Anyway, I thought that in honour of this day rather than talking about one of my favourite books I would instead discuss those comfortable books we all love. You know the ones I mean. The ones that have been on your shelves for longer than you can remember. The ones you have been read countless times; because you needed something familiar and friendly to get you through a tough time, had nothing new to read, or just wanted to re-read an old favourite. You know the story like the back of your hand, but they’re either so good or have such sentimental value that you could never lose interest. The ones with worn down covers and curling pages, adorned with multiple tiny tears that broke your heart at the time but now seem part of its overall cosiness. They are not something you bought with the intent of it becoming like this. It’s something that just develops over time. 

I love hardback books. They may be harder to carry around or read on the go, but there is just something solid and satisfying about them. Once an author is on my Favourites List I’ll always start picking up their books in hardback rather than paperback. But sometimes you just can’t beat a comfortable, beaten up old paperback. 

img_0118I’ve actually just finished re-reading one of these; Ken Follett’s Pillars of the Earth. Look at it there. I believe that I “acquired” this one from my parents. If I remember correctly, I borrowed it to read at university, and have simply never returned it. I’ve lost count of the number of times I’ve read and re-read it over the following 13 years, and I’ve no idea how many time other members of my family did so before me. Each time he published a follow up I bought them straight away, in hardback of course, but but I could never bring myself to replace this one.

Not all books like this survive. I remember watching as my family’s copies of the Discworld books were read into oblivion; slowly falling apart or becoming damaged until they were replaced, with like for like or by more durable hardcover upgrades. And when I left home and had to buy them for myself, I always picked them up in hardcover, or course. You don’t buy your favourite author of all time in paperback if you have the choice. 

But this one has lasted.

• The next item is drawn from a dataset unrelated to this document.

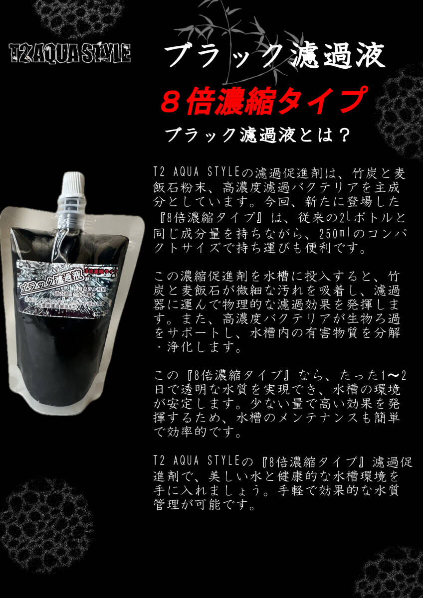 - ブラック濾過液8倍濃縮タイプ★T2 AQUA STYLE☆ピカピカな水をすぐ出来る。内容量250ml×3従来品6L相当
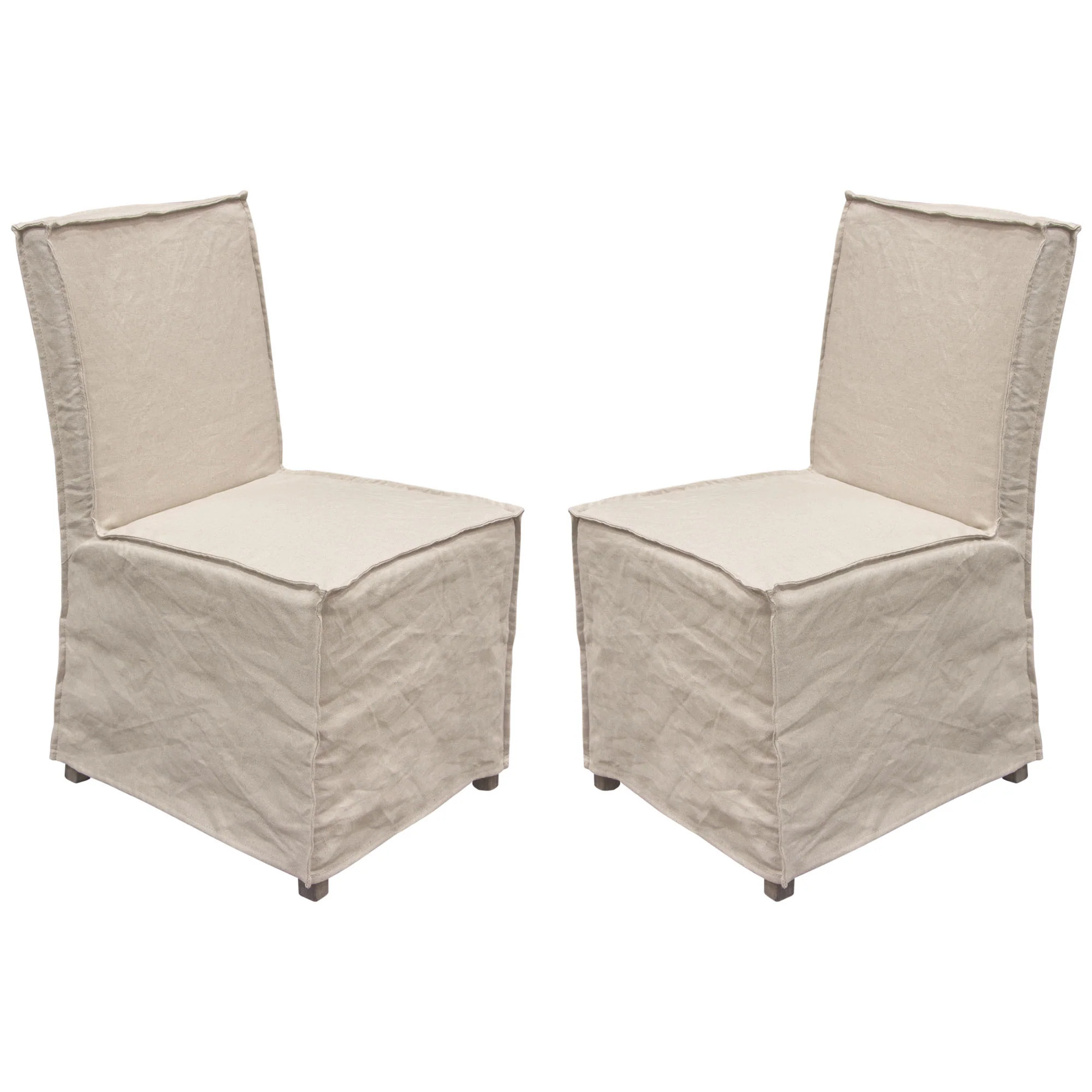 Diamond Sofa Sonoma Dining Chairs with Wood Legs & Removable Slipcover, Sand Linen - Pack of 2

It’s 28 years old now, and I’m sure within a few years I’ll feel the urge to pick it up, open it’s ragged cover and read the smooth, gently yellowing pages once again. Who knows, maybe it’ll last another twenty years or so until I have children old enough to give it ago and it will somehow transfer my my collection to theirs. Or maybe not.

I’ll never stop buying hardbacks. But whatever their qualities they’ll never quite have the same character as a good, well-worn and well-loved paperback.